[Stored data — start]
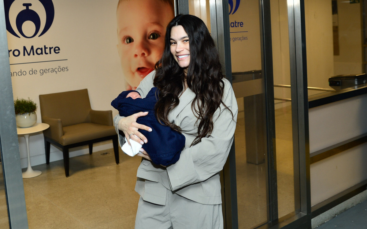 Na saída da unidade de saúde, Raissa apareceu sorridente usando um conjunto cinza. O bebê, enrolado em uma manta azul, foi carregado no colo pela ex-participante de A Fazenda 12.
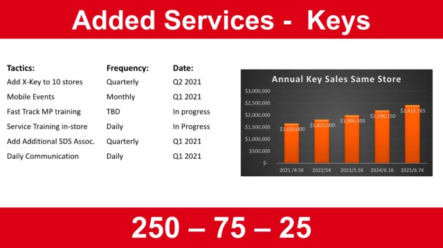 Add X-Key to 10 stores Quarterly Q2 2021 Annual Key Sales Same Store
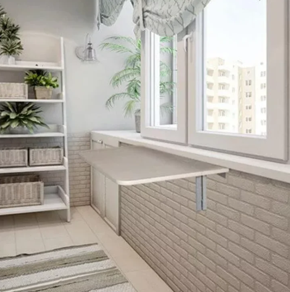 При подборе мебели может оказаться, что лоджия или балкон имеют узкую дверь, и туда невозможно занести кресло или шкаф, а если это и удается, то они занимают много места и больше мешают. Поэтому предпочтение отдается складным столам и стульям и встроенным шкафам. Складные стулья Самый простой стул складной из двух металлических скоб, скрепленных болтами, между которыми натянута ткань. Этот стул часто называют «стулом для рыбака». Его можно купить в любом охотничьем или спортивном магазине или изготовить самостоятельно. Для сиденья можно взять грубую прочную ткань которой изготавливают мешки, или кожу от голенищ старых сапог. Полка-стол Вместо стола можно сделать раскладную полку. Полка состоит из подвижной металлической скобы-опоры и деревянного щита размером не менее который крепится к стене на петлях. Такая полка в сложенном виде не занимает места. Скоба выгибается из металлической трубы или арматуры в форме цифры «семь». Концы скобы поворотно крепятся к стене металлическими хомутам
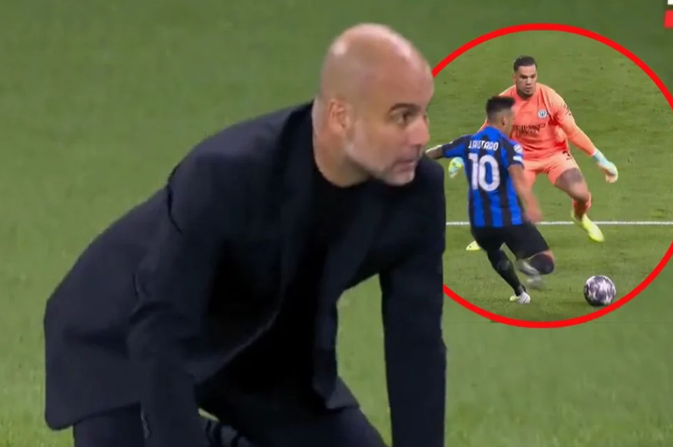 Como lo ameritaba la situación, los corazones de los fanáticos del Manchester City se paralizaron ante la situación. Pep Guardiola, director técnico, no fue la excepción. El español se tomó el rostro y, a medida que Lautaro avanzaba con el balón, se tendió de rodillas al verde césped. Por suerte para él, el arquero mantuvo su arco en cero.
[Stored data — finish]
Would you retype exactly the lines running from the line that contains "При подборе мебели" through the end of the listing above, both included? Skip every picture.

 При подборе мебели может оказаться, что лоджия или балкон имеют узкую дверь, и туда невозможно занести кресло или шкаф, а если это и удается, то они занимают много места и больше мешают. Поэтому предпочтение отдается складным столам и стульям и встроенным шкафам. Складные стулья Самый простой стул складной из двух металлических скоб, скрепленных болтами, между которыми натянута ткань. Этот стул часто называют «стулом для рыбака». Его можно купить в любом охотничьем или спортивном магазине или изготовить самостоятельно. Для сиденья можно взять грубую прочную ткань которой изготавливают мешки, или кожу от голенищ старых сапог. Полка-стол Вместо стола можно сделать раскладную полку. Полка состоит из подвижной металлической скобы-опоры и деревянного щита размером не менее который крепится к стене на петлях. Такая полка в сложенном виде не занимает места. Скоба выгибается из металлической трубы или арматуры в форме цифры «семь». Концы скобы поворотно крепятся к стене металлическими хомутам
 Como lo ameritaba la situación, los corazones de los fanáticos del Manchester City se paralizaron ante la situación. Pep Guardiola, director técnico, no fue la excepción. El español se tomó el rostro y, a medida que Lautaro avanzaba con el balón, se tendió de rodillas al verde césped. Por suerte para él, el arquero mantuvo su arco en cero.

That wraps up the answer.